- Pont de Rognonas in 2022
- Coordinates: 43°54′54″N 4°48′31″E﻿ / ﻿43.915085°N 4.808516°E
- Carries: D 570N
- Crosses: Durance
- Locale: Rognonas, Avignon

Characteristics
- Design: Suspension bridge
- Material: Steel
- Pier construction: Reinforced concrete
- Total length: 415 m (1,362 ft)
- Longest span: 255 m (837 ft)
- No. of spans: 3
- No. of lanes: 2

History
- Constructed by: Boussiron
- Construction start: 8 August 1946
- Construction end: 1950

Location
- Interactive map of Pont de Rognonas

= Pont de Rognonas =

Pont de Rognonas in 2022. Warren trusses are clearly visible along the sides of the spans

Pont de Rognonas is a 415-meter-long steel suspension road bridge. It crosses the Durance to connect Rognonas in the Bouches-du-Rhône department with Avignon in the Vaucluse department of southern France.
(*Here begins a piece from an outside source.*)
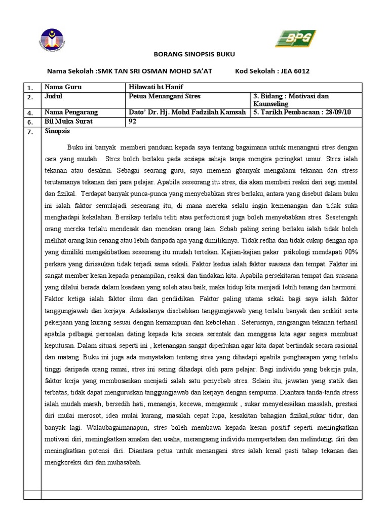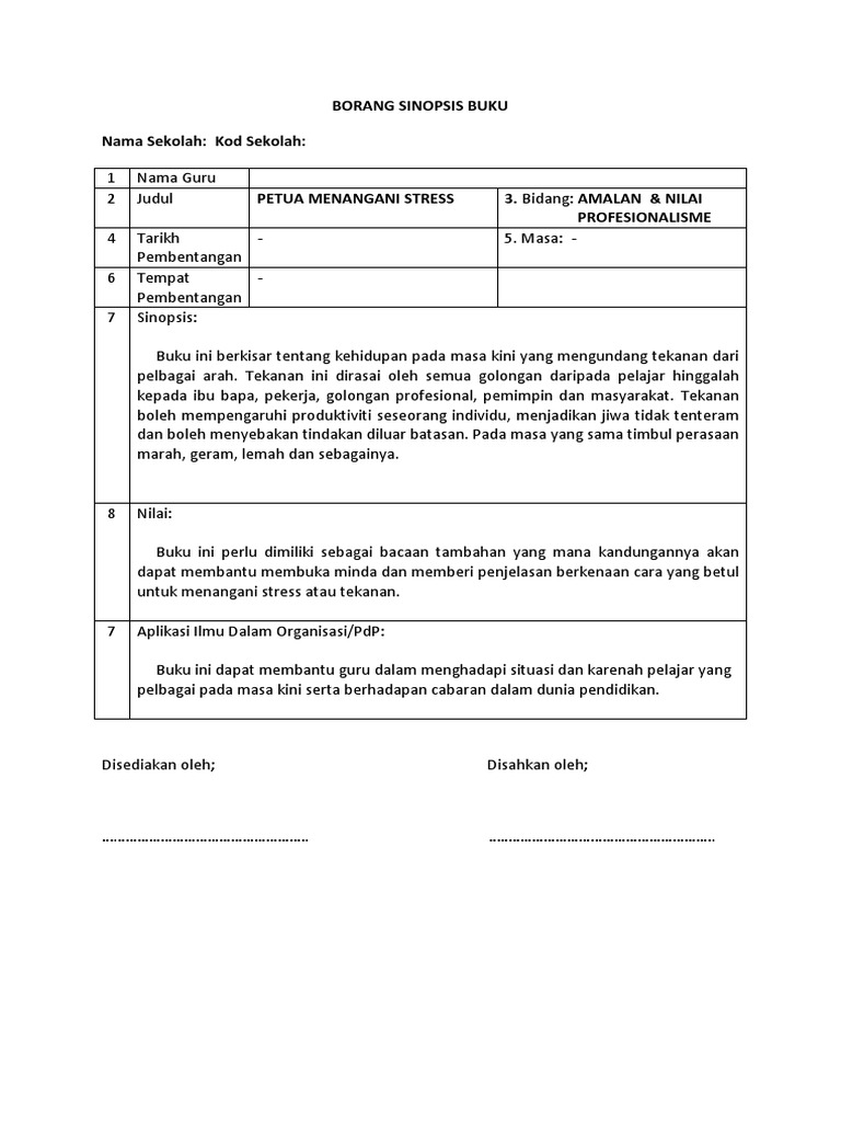 Borang Sinopsis Buku Untuk Guru

It was reported in 2026 that the bridge was crossed by 26,500 vehicles daily.

==History==
An earlier bridge at Rognonas was approved by royal ordinance in December 1832 and opened to traffic on 29 July 1834. On 31 May 1835, following an exceptional rise of the Durance that flooded the Rognonas plain, local farmers threatened to breach an embankment associated with the recently opened bridge. A company of the 34th Line Infantry Regiment and several gendarmerie brigades were sent to the area, and their presence was sufficient to restore order. The bridge was damaged by flooding in 1840 and partially destroyed by further flooding in November 1843, before reopening in September 1844.

During World War II, the bridge became a target of Allied bombing and was hit during an air raid on 16 August 1944. It was subsequently repaired and reopened to traffic, but its age and condition led to its replacement.

Construction of the current bridge began on 8 August 1946, with the work undertaken by the Paris-based Boussiron company. The bridge was completed in 1950.

==Design==
A contemporary description of the project specified three spans, comprising a central span of 254.5 m and two side spans of 80 m, for a total length of 414.5 m. The planned width was 10 m, including a 7 m roadway and two 1.5 m sidewalks.

The suspended deck is stiffened by a pair of double Warren trusses running along the sides of the spans. They are spaced 10.76 m center to center and are 4.20 m high. The stiffening trusses of the central span and the two side spans are structurally independent.

==Traffic restrictions==
In October 2025, the Bouches-du-Rhône department restricted vehicles weighing more than 26 tonnes from using the bridge. The department said that Cerema, a French public agency providing technical expertise on infrastructure and transport, had recommended that the bridge not be exposed to an increase in heavy-vehicle traffic pending further studies. A detailed inspection and a complete recalculation of the admissible loads were planned for 2026. The restriction became part of a wider debate over the management of heavy-goods traffic around Avignon, including disputes over its implementation and the absence of a designated diversion route.